Every dead lead in your Lawmatics account already cost you money. The firm paid for the ad click, the directory listing, the referral relationship, or the staff hours that produced the inquiry. When the lead went quiet, that spend did not come back. The record just sits in an open stage and ages.
Reactivation is the discipline of working that list on purpose instead of letting it rot. This guide defines a dead lead in concrete Lawmatics terms, explains where the value in a cold list comes from, and walks through segmentation, sequence anatomy, list hygiene, and cadence. Everything here can be built by hand with pipelines, automations, and email templates. The point is to build it correctly, because a sloppy reactivation run burns the very list it was supposed to recover.

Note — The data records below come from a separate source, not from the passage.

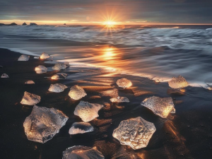 【鑽石沙灘】黑色火山沙灘上散落著從冰川崩解而來的透明冰塊,在陽光照射下閃閃發亮,宛如鑽石般點綴其上。
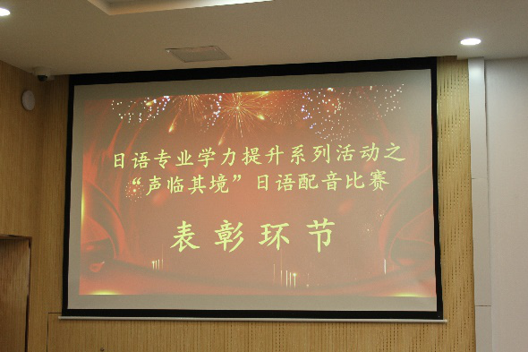 本学期,为检验教学成果,进一步提高日语各项能力、丰富课外活动,调动学生学习热情和积极性,日语专业推出了“以赛促学”的日语学力提升系列活动,并已成功举办了系列活动中的“学中写·写中学”妙笔生花日语书写比赛、日语朗读比赛及“天籁之声”日语卡拉OK比赛。期末将近,伴随着“声临其境”日语配音比赛的开展,本学期的日语学力提升系列活动也接近尾声。
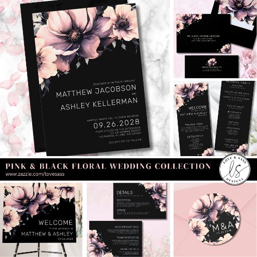 Elegant Modern Blush Roze Zwart Bloemen Bruiloft KaartElegant Modern Blush Roze Zwart Bloemen Bruiloft Kaart (Voorkant)Elegant Modern Blush Roze Zwart Bloemen Bruiloft Kaart (Achterkant)

What counts as a dead lead in Lawmatics
A dead lead is not a lost lead. Lost is a recorded decision: the prospect hired another firm, the matter went away, or your team declined it and logged the reason. Dead is the absence of a decision. Nobody closed the record, and nobody is working it either.
In Lawmatics terms, a dead lead shows three markers. It is stage-aged: it has sat in the same open pipeline stage well past your normal intake rhythm. It has no recent activity: no replies, no form submissions, no notes, nothing new on the timeline. And it never reached the next commitment, usually a booked consultation. A record with all three markers is dormant whether or not anyone has admitted it.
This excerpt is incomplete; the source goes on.